For custom model endpoints, pass a providers YAML:

```python
anonymizer = Anonymizer(model_providers="path/to/model_providers.yaml")
```

## Language And Regional Coverage

Anonymizer has been tested most extensively on English-language data. Multilingual quality has not yet been evaluated systematically across languages, domains, and models.

Although testing so far has been primarily in English, the supported entity set is not limited to U.S.-specific identifiers.
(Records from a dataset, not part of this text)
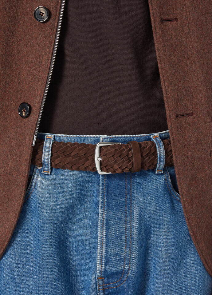 Belt in suede plaited by hand. Treated with a water-repellent, stain-resistant finish, it features a palladium finish buckle and the Loro Piana logo.
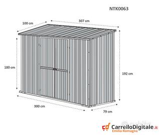 Il box prefabbricato 307 x 100 viene venduto nuovo con garanzia e con fattura o ricevuta fiscale. Viene consegnato all'indirizzo che ci verra' comunicato in kit di montaggio comprensivo di tutta la ferramenta necessaria a montarlo. Box garage casetta prefabbricato in lamiera di Acciaio Zincata grecata con Porta NUOVO, perfetto per il giardino usato come capanno per ricovero rimessa attrezzi. SPEDIZIONE IN TUTTA ITALIA INCLUSA NEL PREZZO * Dimensioni esterne (incluso tetto): 3.07 m (Larghezza) x 1.00 m (Lunghezza) x 1.92 m (Altezza) * Dimensioni esterne (solo perimetro): 3.07 m (Larghezza) x 0.79 m (Lunghezza) x 1.90 m (Altezza Max) * Dimensioni interne: 3.03 m (Larghezza) x 0.75 m (Lunghezza) x 1.90 m (Altezza Max) * Altezza della parete: 1.90 m * Metri Quadri: 3.07 mq * Dimensioni porta anteriore: 1.48 m (Larghezza) x 1,75 m (Altezza) (2 porte) * Spessore pannelli: 0,32 mm * Spessore profili: 0,70 mm * Peso struttura: 75 KG Ca. Telefono/Whatsapp: A soli 433 euro IVA, spedizione ed assicurazione sulla spedizione inclusi nel prezzo Possibilita' di acquisto con pagamento alla consegna (SOLO CONTANTI no assegni) Attenzione, il metallo utilizzato non e' ferro o alluminio ma acciaio zincato. Il box in acciao in questione non e' coibentato (pannelli sandwich) ma puo' essere modificato facilmente e con una spesa minima. La casetta da esterno e' composta da profili e pannelli in acciaio zingato e verniciato in maniera da poter resistere alle intemperie. A differenza di quelli in legno i box in lamiera zincata non necessitano di nessuna manutenzione Telefono/Whatsapp:
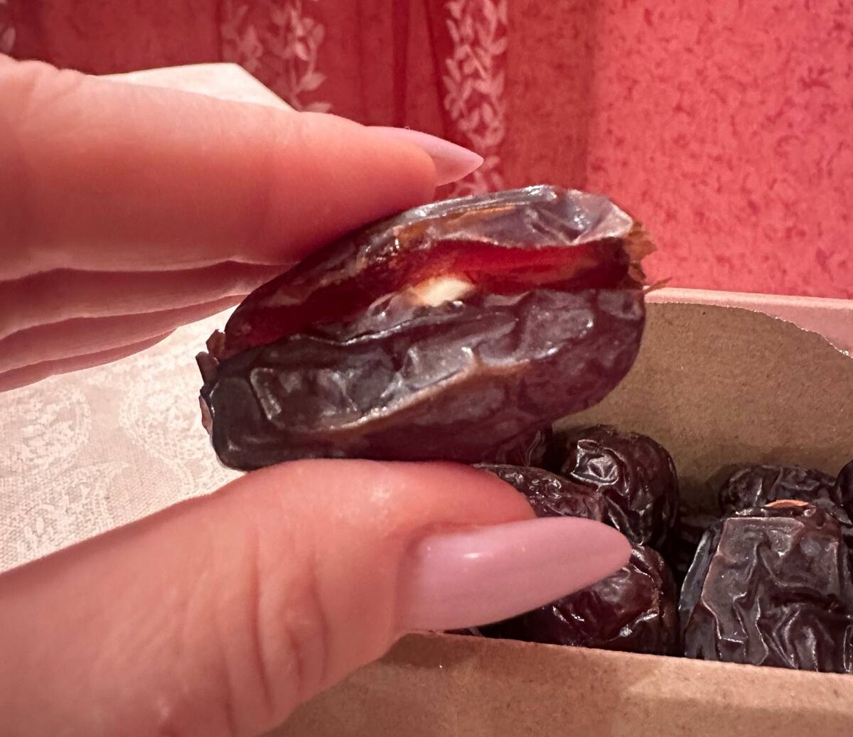 Вкус: сладкий финик + солёное сливочное масло = как карамельный десерт (многим напоминает ириску). Сытость: финики — быстрые углеводы, масло — жиры. Вместе дают долгую сытость и меньше тянет на сладкое. Энергия: хороший вариант перед тренировкой или как ПП-десерт (если без фанатизма). ⚠️ Но есть нюансы Калорийность высокая: 1 финик ≈ 20–25 ккал кусочек масла ≈ 30–40 ккал → 3–4 штуки = полноценный перекус. Если есть инсулинорезистентность или диабет — лучше осторожно. Как делают по тренду Финик разрезают, убирают косточку Кладут внутрь кусочек солёного сливочного масла Иногда добавляют щепотку соли или орех
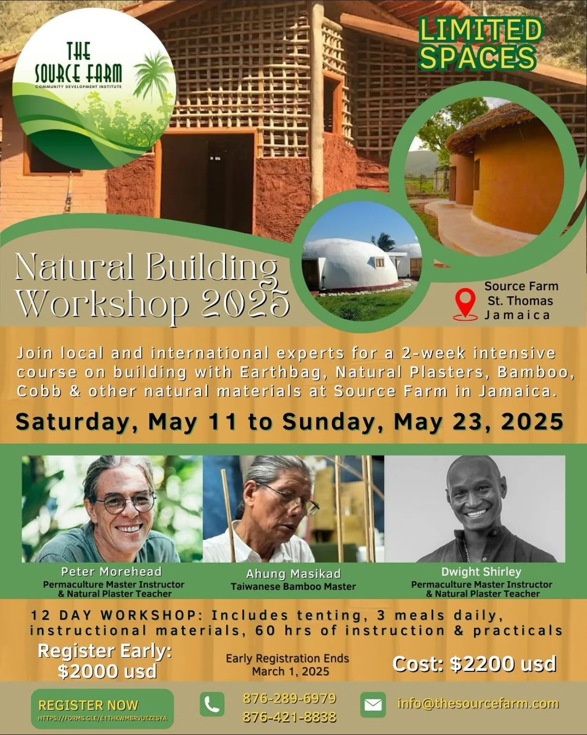 Join local and international experts for a 2-week intensive course on building with Earthbag, Natural Plasters, Bamboo, Cobb & other natural materials at Source Farm in Jamaica.
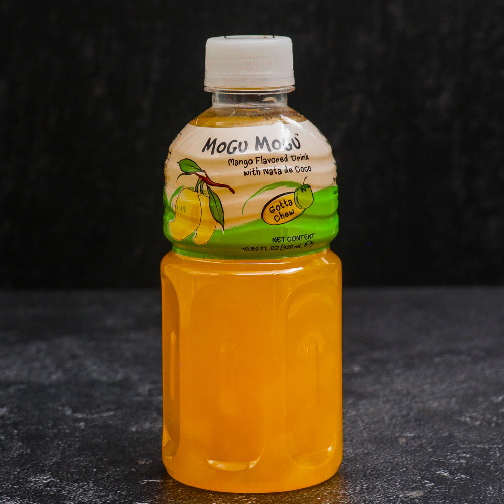 From the Japanese term meaning "to chew," Mogu Mogu is a refreshing, widely popular drink around the world. First produced in Thailand, Mogu Mogu comes in many delicious flavors of real fruit juice containing cubes of chewy, jelly-like nata de coco made from flavourful bites of young coconut. Take a drink and get a mouthful to chew. It's a drink and a snack all in one!
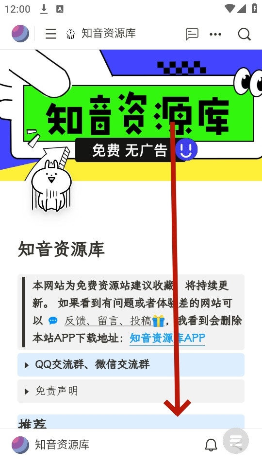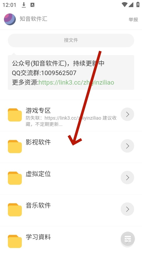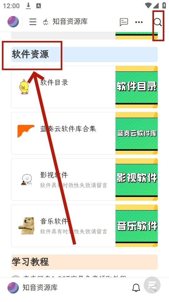 下载安装并打开知音资源库app,往下滑动根据分类找到你感兴趣的内容
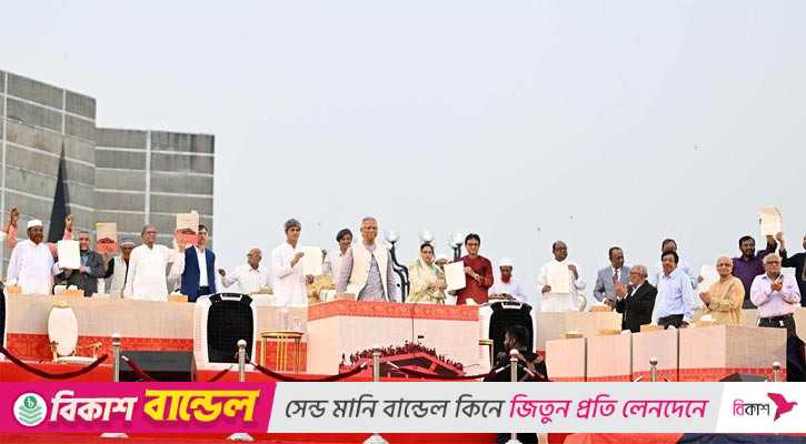 গণতান্ত্রিক মূল্যবোধ এবং জাতীয় ঐকমত্যের ভিত্তিতে ২০২৪ সালের জুলাই গণঅভ্যুত্থানে প্রকাশিত জনগণের ইচ্ছাকে প্রাধান্য দিয়ে আমরা নিম্নস্বাক্ষরকারীগণ এই মর্মে অঙ্গীকার ও ঘোষণা করছি যে-
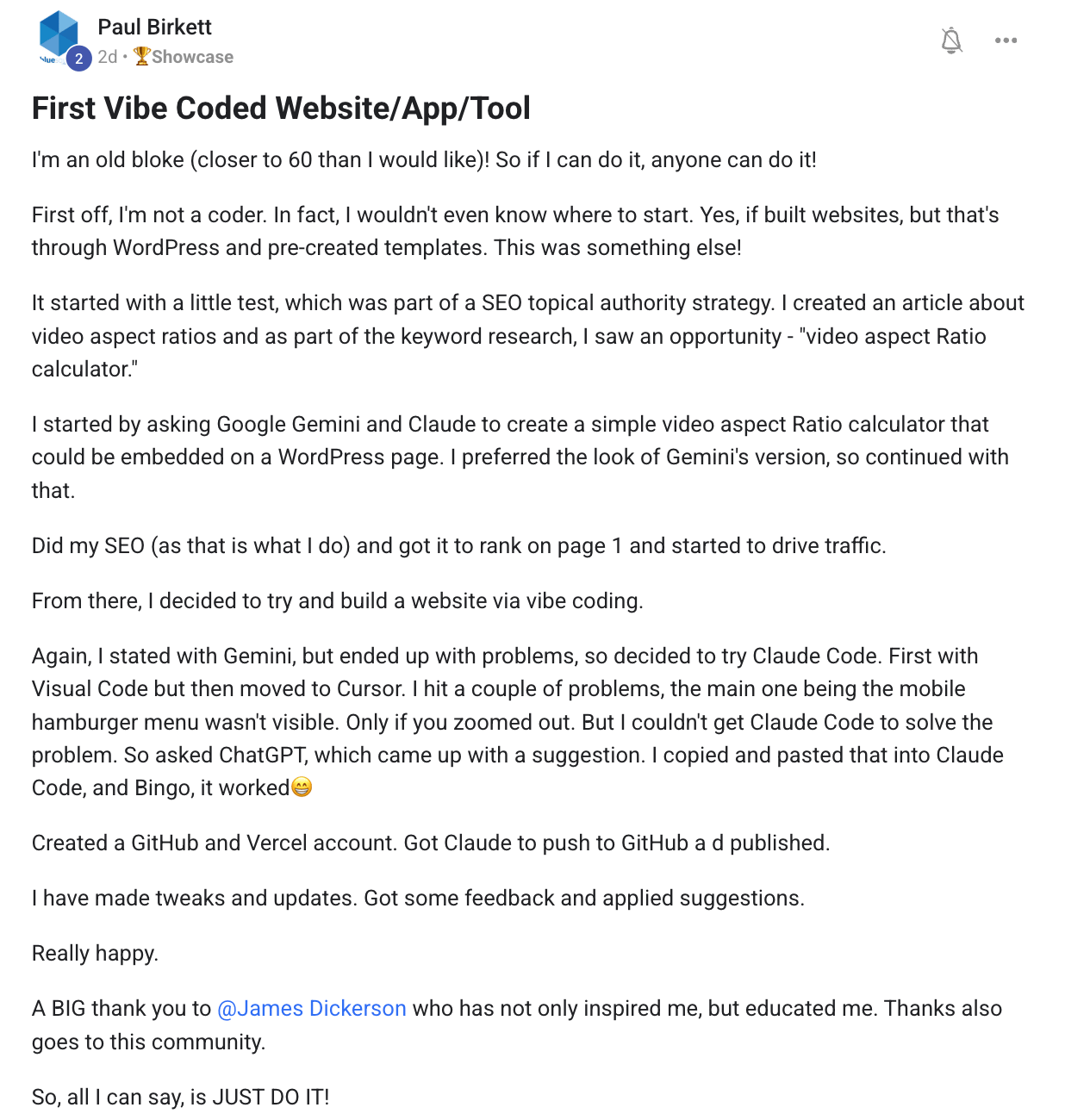 Someone who is a first time vibe coder building a tool (how cool is that?):

Detection and anonymization can also apply to international formats such as non-U.S. phone numbers, addresses, legal references, and national or regional identification numbers, though coverage will vary by language, region, and model configuration.

If you are working with another language, we encourage you to experiment on a small sample first with `preview()`, validate detected entities and transformed output carefully, and adjust your model providers and model configs as needed.

---

## Replacement Strategies

| Strategy | Output for `"Alice"` (first_name) | Configurable |
|----------|----------------------------------|-------------|
| **Substitute** | `Maya` | `instructions` |
| **Redact** | `[REDACTED_FIRST_NAME]` | `format_template` |
| **Annotate** | `<Alice, first_name>` | `format_template` |
| **Hash** | `<HASH_FIRST_NAME_3bc51062973c>` | `format_template`, `algorithm`, `digest_length` |

```python
from anonymizer import Redact, Annotate, Hash, Substitute

# Constant redaction
AnonymizerConfig(replace=Redact(format_template="****"))

# Deterministic hash with short digest
AnonymizerConfig(replace=Hash(algorithm="sha256", digest_length=8))

# LLM-generated contextual replacements
AnonymizerConfig(replace=Substitute())
```

---

## Development

```bash
make install-dev          # Install with dev dependencies
make test                 # Run tests
make coverage             # Run with coverage report
make check-all            # Lint + format check
anonymizer --help         # CLI usage
make install-pre-commit   # Install pre-commit hooks
```

---

## Requirements

- Python 3.11+
- [NeMo Data Designer](https://github.com/NVIDIA-NeMo/DataDesigner) (installed as dependency)
- [NVIDIA API key](https://build.nvidia.com) for default model providers (GLiNER-PII + text LLM), or custom model endpoints

---

## License

Apache License 2.0 — see [LICENSE](LICENSE) for details.